Repeat each entry in full, exactly.

····················

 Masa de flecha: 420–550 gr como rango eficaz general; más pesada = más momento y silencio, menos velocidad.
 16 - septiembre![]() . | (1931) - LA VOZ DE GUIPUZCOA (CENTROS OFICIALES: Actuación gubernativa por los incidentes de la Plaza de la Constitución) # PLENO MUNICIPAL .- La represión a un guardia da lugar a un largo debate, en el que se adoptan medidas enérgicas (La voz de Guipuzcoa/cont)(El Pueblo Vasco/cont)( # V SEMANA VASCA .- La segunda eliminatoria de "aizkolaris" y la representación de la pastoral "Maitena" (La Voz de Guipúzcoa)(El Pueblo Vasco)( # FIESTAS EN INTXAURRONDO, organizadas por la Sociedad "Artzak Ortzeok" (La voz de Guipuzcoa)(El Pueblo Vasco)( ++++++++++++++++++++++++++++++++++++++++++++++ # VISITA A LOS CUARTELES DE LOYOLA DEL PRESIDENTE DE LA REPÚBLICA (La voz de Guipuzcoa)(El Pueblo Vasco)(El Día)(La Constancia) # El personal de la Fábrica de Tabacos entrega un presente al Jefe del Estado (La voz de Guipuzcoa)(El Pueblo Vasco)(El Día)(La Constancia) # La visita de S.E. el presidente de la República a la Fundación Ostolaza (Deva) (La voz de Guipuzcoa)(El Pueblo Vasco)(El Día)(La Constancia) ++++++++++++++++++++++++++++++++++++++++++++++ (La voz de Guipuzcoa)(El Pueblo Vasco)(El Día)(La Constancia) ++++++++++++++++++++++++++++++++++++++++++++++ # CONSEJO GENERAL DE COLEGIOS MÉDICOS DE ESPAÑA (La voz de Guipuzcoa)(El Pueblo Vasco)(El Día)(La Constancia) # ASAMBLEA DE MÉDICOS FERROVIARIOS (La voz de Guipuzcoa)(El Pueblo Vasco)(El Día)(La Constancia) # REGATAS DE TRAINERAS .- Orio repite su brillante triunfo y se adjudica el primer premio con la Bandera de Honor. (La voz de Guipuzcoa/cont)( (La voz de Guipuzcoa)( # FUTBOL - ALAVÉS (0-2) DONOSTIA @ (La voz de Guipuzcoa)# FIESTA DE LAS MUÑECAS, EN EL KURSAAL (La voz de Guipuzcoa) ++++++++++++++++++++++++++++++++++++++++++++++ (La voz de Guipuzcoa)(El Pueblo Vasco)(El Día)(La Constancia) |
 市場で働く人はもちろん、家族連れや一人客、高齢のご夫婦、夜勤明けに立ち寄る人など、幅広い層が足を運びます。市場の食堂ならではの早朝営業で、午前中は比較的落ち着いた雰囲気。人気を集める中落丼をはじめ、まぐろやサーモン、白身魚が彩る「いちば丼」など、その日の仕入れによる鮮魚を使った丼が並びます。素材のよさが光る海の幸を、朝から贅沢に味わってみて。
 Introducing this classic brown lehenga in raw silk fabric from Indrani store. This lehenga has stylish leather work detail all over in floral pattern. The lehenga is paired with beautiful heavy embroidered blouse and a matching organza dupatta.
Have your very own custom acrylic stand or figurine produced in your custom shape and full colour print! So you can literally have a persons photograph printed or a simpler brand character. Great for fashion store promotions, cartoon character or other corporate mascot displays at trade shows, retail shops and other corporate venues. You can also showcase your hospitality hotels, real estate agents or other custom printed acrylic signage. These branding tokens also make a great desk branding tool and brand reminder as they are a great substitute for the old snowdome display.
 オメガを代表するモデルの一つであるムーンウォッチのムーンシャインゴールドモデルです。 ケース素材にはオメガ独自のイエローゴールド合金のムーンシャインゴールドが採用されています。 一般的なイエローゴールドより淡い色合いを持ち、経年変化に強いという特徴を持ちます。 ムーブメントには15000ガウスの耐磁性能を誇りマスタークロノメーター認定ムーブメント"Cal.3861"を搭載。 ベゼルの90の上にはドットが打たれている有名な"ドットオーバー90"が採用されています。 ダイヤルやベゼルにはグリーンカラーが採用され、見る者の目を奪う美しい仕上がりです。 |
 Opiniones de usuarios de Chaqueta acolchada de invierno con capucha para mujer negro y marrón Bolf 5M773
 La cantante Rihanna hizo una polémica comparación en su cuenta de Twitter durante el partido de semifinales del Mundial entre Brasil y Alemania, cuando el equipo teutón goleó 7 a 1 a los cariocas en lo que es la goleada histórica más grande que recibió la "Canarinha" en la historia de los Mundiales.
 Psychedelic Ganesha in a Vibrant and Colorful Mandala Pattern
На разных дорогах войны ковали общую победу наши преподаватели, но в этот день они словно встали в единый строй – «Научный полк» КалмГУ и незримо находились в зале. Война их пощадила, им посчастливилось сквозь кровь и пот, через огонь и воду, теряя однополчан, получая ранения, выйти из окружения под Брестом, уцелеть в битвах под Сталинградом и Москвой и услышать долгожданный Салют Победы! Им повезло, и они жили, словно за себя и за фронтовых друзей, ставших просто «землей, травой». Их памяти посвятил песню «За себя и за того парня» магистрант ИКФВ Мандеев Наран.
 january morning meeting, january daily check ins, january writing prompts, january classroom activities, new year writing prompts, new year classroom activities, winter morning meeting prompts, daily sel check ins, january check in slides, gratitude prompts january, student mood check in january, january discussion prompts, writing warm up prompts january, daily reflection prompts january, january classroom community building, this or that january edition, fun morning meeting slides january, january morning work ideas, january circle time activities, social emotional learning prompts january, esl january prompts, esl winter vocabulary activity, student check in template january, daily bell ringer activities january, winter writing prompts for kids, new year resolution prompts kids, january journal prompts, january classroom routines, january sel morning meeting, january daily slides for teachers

····················

Reply =>
 Masa de flecha: 420–550 gr como rango eficaz general; más pesada = más momento y silencio, menos velocidad.
 16 - septiembre![]() . | (1931) - LA VOZ DE GUIPUZCOA (CENTROS OFICIALES: Actuación gubernativa por los incidentes de la Plaza de la Constitución) # PLENO MUNICIPAL .- La represión a un guardia da lugar a un largo debate, en el que se adoptan medidas enérgicas (La voz de Guipuzcoa/cont)(El Pueblo Vasco/cont)( # V SEMANA VASCA .- La segunda eliminatoria de "aizkolaris" y la representación de la pastoral "Maitena" (La Voz de Guipúzcoa)(El Pueblo Vasco)( # FIESTAS EN INTXAURRONDO, organizadas por la Sociedad "Artzak Ortzeok" (La voz de Guipuzcoa)(El Pueblo Vasco)( ++++++++++++++++++++++++++++++++++++++++++++++ # VISITA A LOS CUARTELES DE LOYOLA DEL PRESIDENTE DE LA REPÚBLICA (La voz de Guipuzcoa)(El Pueblo Vasco)(El Día)(La Constancia) # El personal de la Fábrica de Tabacos entrega un presente al Jefe del Estado (La voz de Guipuzcoa)(El Pueblo Vasco)(El Día)(La Constancia) # La visita de S.E. el presidente de la República a la Fundación Ostolaza (Deva) (La voz de Guipuzcoa)(El Pueblo Vasco)(El Día)(La Constancia) ++++++++++++++++++++++++++++++++++++++++++++++ (La voz de Guipuzcoa)(El Pueblo Vasco)(El Día)(La Constancia) ++++++++++++++++++++++++++++++++++++++++++++++ # CONSEJO GENERAL DE COLEGIOS MÉDICOS DE ESPAÑA (La voz de Guipuzcoa)(El Pueblo Vasco)(El Día)(La Constancia) # ASAMBLEA DE MÉDICOS FERROVIARIOS (La voz de Guipuzcoa)(El Pueblo Vasco)(El Día)(La Constancia) # REGATAS DE TRAINERAS .- Orio repite su brillante triunfo y se adjudica el primer premio con la Bandera de Honor. (La voz de Guipuzcoa/cont)( (La voz de Guipuzcoa)( # FUTBOL - ALAVÉS (0-2) DONOSTIA @ (La voz de Guipuzcoa)# FIESTA DE LAS MUÑECAS, EN EL KURSAAL (La voz de Guipuzcoa) ++++++++++++++++++++++++++++++++++++++++++++++ (La voz de Guipuzcoa)(El Pueblo Vasco)(El Día)(La Constancia) |
 市場で働く人はもちろん、家族連れや一人客、高齢のご夫婦、夜勤明けに立ち寄る人など、幅広い層が足を運びます。市場の食堂ならではの早朝営業で、午前中は比較的落ち着いた雰囲気。人気を集める中落丼をはじめ、まぐろやサーモン、白身魚が彩る「いちば丼」など、その日の仕入れによる鮮魚を使った丼が並びます。素材のよさが光る海の幸を、朝から贅沢に味わってみて。
 Introducing this classic brown lehenga in raw silk fabric from Indrani store. This lehenga has stylish leather work detail all over in floral pattern. The lehenga is paired with beautiful heavy embroidered blouse and a matching organza dupatta.
Have your very own custom acrylic stand or figurine produced in your custom shape and full colour print! So you can literally have a persons photograph printed or a simpler brand character. Great for fashion store promotions, cartoon character or other corporate mascot displays at trade shows, retail shops and other corporate venues. You can also showcase your hospitality hotels, real estate agents or other custom printed acrylic signage. These branding tokens also make a great desk branding tool and brand reminder as they are a great substitute for the old snowdome display.
 オメガを代表するモデルの一つであるムーンウォッチのムーンシャインゴールドモデルです。 ケース素材にはオメガ独自のイエローゴールド合金のムーンシャインゴールドが採用されています。 一般的なイエローゴールドより淡い色合いを持ち、経年変化に強いという特徴を持ちます。 ムーブメントには15000ガウスの耐磁性能を誇りマスタークロノメーター認定ムーブメント"Cal.3861"を搭載。 ベゼルの90の上にはドットが打たれている有名な"ドットオーバー90"が採用されています。 ダイヤルやベゼルにはグリーンカラーが採用され、見る者の目を奪う美しい仕上がりです。 |
 Opiniones de usuarios de Chaqueta acolchada de invierno con capucha para mujer negro y marrón Bolf 5M773
 La cantante Rihanna hizo una polémica comparación en su cuenta de Twitter durante el partido de semifinales del Mundial entre Brasil y Alemania, cuando el equipo teutón goleó 7 a 1 a los cariocas en lo que es la goleada histórica más grande que recibió la "Canarinha" en la historia de los Mundiales.
 Psychedelic Ganesha in a Vibrant and Colorful Mandala Pattern
На разных дорогах войны ковали общую победу наши преподаватели, но в этот день они словно встали в единый строй – «Научный полк» КалмГУ и незримо находились в зале. Война их пощадила, им посчастливилось сквозь кровь и пот, через огонь и воду, теряя однополчан, получая ранения, выйти из окружения под Брестом, уцелеть в битвах под Сталинградом и Москвой и услышать долгожданный Салют Победы! Им повезло, и они жили, словно за себя и за фронтовых друзей, ставших просто «землей, травой». Их памяти посвятил песню «За себя и за того парня» магистрант ИКФВ Мандеев Наран.
 january morning meeting, january daily check ins, january writing prompts, january classroom activities, new year writing prompts, new year classroom activities, winter morning meeting prompts, daily sel check ins, january check in slides, gratitude prompts january, student mood check in january, january discussion prompts, writing warm up prompts january, daily reflection prompts january, january classroom community building, this or that january edition, fun morning meeting slides january, january morning work ideas, january circle time activities, social emotional learning prompts january, esl january prompts, esl winter vocabulary activity, student check in template january, daily bell ringer activities january, winter writing prompts for kids, new year resolution prompts kids, january journal prompts, january classroom routines, january sel morning meeting, january daily slides for teachers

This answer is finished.